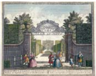
Spaar en Hout door Hendrik de Leth 1732

Weer terug richting de Haarlemmerhout houden wij rechts aan. Achter de huizen aan de noordkant van de Oosterhoutlaan ligt nog de oude oprijlaan tussen Oosterhout en de Hout. Het terrein rechts behoort bij Spaar en Hout .
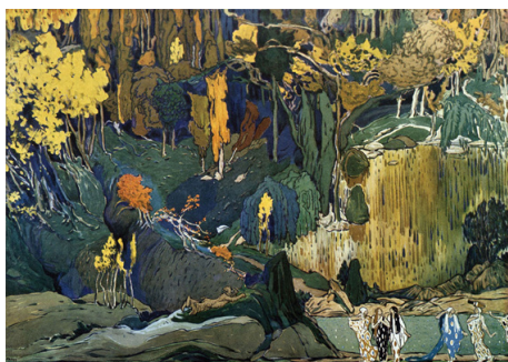
Рис. 1. Вацлав Нижинский в костюме Фавна. 1912.

стюм использовалось для балета «Нарцисс». В «Послеполуденном отдыхе фавна» В.Ф. Нижинский танцевал в тесно облегающем трико кофейного цвета из очень тонкого материала. Гирлянда из листьев бересклета опоясывала бедра и заканчивалась сзади хвостиком, что подчеркивало получеловеческое-полуживотное происхождение персонажа. Центральными для всей сценографии стали растительные мотивы и золотистые цвета, которые объединяли костюм фавна, хитоны и нимф и осенний пейзаж декораций. Античность много раз становилась предметом интереса Л.С. Бакста, он также оформил балеты «Елена Спартанская» (1912), «Федра» (1917 и 1923), «Орфей» (1914) и трагедии «Эдип в Колоне» Софокла (1904) и «Ипполит» Еврипида (1902). Историк искусства Н.А. Борисовская в книге «Лев Бакст» называет момент создания ряда костюмов к балету «Послеполуденный отдых Фавна» этапом, открывшим Баксту путь к новому экспрессионистическому балету и позволявшим художнику «перейти к новому пониманию архаики и классики, присущему уже началу XX века. <...> При работе над этим балетом Лев Бакст был увлечён созданием не просто стилизации, но оригинального пластического языка, присущего именно балету» 20 . На эту находку обращали внимание и современники, например, композитор И.Ф. Стравинский писал так: «Он [Бакст] не ограничился декоративным оформлением и созданием великолепных костюмов. Он указывал мельчайшие движения танцев» 21 .
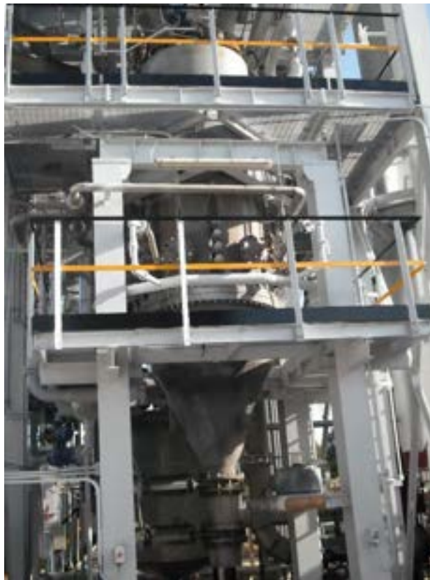
Figura 1.1. La parte inferiore del gassificatore Dimostrativo.

Il profilo termico all'interno del gassificatore è determinato mediante 36 termocoppie posizionate sulle pareti del gassificatore su sei livelli differenti. Su ogni livello sono presenti sei termocoppie a 60° l'una dall'altra. Riportiamo di seguito un'immagine del gassificatore e una tabella della disposizione delle termocoppie rispetto all'altezza del gassificatore.
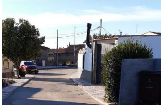
VISTA ACTUAL DE LA ACTUACIÓN

Plaza de España, 5 C.P. 10671 Tf. 927 40 20 72 administracion@aldehueladeljerte.es

========

• Task to carry out
Every line containing the string "Hout" should be pulled from the listing and copied.

• Problem solution
Spaar en Hout door Hendrik de Leth 1732
Weer terug richting de Haarlemmerhout houden wij rechts aan. Achter de huizen aan de noordkant van de Oosterhoutlaan ligt nog de oude oprijlaan tussen Oosterhout en de Hout. Het terrein rechts behoort bij Spaar en Hout .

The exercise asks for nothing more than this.